Hyperion, CDA68189; EAN: 0 34571 28189 6

Marc-André Hamelin und Leif Ove Andsnes spielen Musik von Igor Strawinsky für zwei Klaviere. Auf dem Programm stehen die Bearbeitung des Sacre du Printemps, das Konzert für zwei Klaviere, Madrid, Tango und die Circus Polka.

Unterschiedlicher könnten die Partner für das vorliegende Programm kaum sein: Leif Ove Andsnes, der sein Spiel bewusst zügelt, zurückgenommen und zart musiziert, trifft auf Marc-André Hamelin, der gerne die Virtuosität triumphieren lässt und dessen Repertoire gefühlt alles umfasst, was im Volksmund als „unspielbar“ gilt. Ein Meister der Beethoven-Konzerte trifft auf einen Alkan-, Busoni- und Godowsky-Kenner. Was die beiden Pianisten eint, ist ihre spürbare Liebe zum Detail, ihr fanatischer Fokus auf das Innermusikalische. Keiner der beiden würde jemals ein Werk lieblos vortragen, nur um sein Können zu präsentieren; trotz allen Erfolgs handelt es sich in keiner Weise um Showmen, sondern um ernstzunehmende und wahrhafte Musiker.
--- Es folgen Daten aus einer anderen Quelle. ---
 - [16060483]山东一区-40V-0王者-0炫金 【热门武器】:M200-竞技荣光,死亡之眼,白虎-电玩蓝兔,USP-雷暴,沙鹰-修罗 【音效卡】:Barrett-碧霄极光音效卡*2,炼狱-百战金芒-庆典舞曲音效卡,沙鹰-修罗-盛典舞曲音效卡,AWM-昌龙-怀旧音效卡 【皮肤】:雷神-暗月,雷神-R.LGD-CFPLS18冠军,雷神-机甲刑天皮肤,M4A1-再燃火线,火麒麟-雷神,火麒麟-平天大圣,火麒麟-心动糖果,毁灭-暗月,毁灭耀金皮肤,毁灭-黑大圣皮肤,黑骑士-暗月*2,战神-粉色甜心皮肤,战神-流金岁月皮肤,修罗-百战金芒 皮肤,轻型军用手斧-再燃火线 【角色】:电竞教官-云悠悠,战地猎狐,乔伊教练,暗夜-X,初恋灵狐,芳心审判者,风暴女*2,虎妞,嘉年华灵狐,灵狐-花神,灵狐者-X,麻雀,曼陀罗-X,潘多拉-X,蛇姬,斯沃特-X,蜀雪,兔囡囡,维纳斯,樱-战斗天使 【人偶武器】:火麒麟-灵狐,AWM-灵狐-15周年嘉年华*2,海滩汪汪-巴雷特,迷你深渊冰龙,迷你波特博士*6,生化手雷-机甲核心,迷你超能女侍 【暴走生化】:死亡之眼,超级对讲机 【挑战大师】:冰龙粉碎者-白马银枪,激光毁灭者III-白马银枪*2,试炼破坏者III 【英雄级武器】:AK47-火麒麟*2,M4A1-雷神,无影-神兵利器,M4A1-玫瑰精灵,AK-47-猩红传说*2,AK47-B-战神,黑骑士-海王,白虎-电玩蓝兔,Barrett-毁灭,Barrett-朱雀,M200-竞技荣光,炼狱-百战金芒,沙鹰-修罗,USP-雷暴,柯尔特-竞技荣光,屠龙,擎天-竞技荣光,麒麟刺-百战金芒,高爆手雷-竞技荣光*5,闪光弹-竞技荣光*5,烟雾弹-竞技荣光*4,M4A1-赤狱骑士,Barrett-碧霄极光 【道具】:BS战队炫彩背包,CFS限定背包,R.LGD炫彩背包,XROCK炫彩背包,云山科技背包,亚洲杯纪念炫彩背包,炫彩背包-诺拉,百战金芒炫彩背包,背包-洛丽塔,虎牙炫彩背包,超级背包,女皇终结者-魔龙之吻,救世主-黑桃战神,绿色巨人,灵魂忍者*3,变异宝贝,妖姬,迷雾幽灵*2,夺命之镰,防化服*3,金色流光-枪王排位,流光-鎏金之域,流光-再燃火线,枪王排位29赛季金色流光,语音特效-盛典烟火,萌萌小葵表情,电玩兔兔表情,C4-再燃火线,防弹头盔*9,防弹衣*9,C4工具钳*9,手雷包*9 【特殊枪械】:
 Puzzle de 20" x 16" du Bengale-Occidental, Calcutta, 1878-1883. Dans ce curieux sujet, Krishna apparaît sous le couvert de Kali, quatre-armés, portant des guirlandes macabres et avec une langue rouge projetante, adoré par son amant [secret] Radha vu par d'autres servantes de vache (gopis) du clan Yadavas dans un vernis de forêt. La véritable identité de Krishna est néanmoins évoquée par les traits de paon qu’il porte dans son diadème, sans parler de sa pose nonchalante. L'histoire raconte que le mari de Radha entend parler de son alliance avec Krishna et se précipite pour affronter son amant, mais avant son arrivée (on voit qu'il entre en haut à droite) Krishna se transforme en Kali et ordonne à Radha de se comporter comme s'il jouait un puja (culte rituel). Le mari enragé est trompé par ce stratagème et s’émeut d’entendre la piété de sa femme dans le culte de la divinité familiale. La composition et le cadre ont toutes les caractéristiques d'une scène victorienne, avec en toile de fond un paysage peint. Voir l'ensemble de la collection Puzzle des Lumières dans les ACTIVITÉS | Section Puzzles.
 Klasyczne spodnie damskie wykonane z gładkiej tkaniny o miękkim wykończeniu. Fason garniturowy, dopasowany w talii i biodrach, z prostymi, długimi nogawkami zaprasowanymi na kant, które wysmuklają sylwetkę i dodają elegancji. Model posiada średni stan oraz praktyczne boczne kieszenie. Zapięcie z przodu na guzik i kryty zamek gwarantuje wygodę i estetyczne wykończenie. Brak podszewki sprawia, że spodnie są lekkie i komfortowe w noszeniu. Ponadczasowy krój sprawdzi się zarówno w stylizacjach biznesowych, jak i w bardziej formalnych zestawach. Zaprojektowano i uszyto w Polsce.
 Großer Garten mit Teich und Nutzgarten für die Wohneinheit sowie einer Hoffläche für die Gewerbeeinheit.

Und das Aufeinandertreffen funktioniert: Die beiden so grundverschiedenen Spielweisen harmonieren und vereinen sich zu einem tief ergründeten Kunstwerk. Die vierhändige Fassung des Sacre du Printemps ist berüchtigt für ihre horrenden Anforderungen technischer Natur, entsprechend üblich sind da virtuos-halsbrecherische Darbietungen, die ausschließlich der Selbstdarstellung und nicht der Musik dienen. Wie viel Farbe doch in dem Auszug steckt, beweisen Andsnes und Hamelin auf eindrucksvolle Weise: Selbst wenn die originale Orchesterversion nicht bekannt wäre, würde man orchestrale Färbungen im Spiel der beiden Pianisten ausmachen. Beide setzen die spezifischen Charakteristika der Orchesterinstrumente auf dem Klavier um, transzendieren entsprechend den Klang über den eines reines Tasteninstruments hinaus. Der vollstimmige Satz bleibt transparent, die einzelnen Stimmen heben sich klar voneinander ab. Zu keiner Zeit wird die Musik geräuschhaft, sie bleibt durchweg menschlich und natürlich, selbst in ihren archaischsten Momenten. Die anderen Stücke der Aufnahme sind auf dem selben überragenden Level vorgetragen: Das sperrige Konzert für zwei Klaviere nimmt klare Konturen an, erscheint – was wirklich selten ist – auf Anhieb verständlich, und die drei kleinen Piècen Madrid, Tango und Circus Polka geben sich als echte Perlen mit Charakter und Substanz zu erkennen.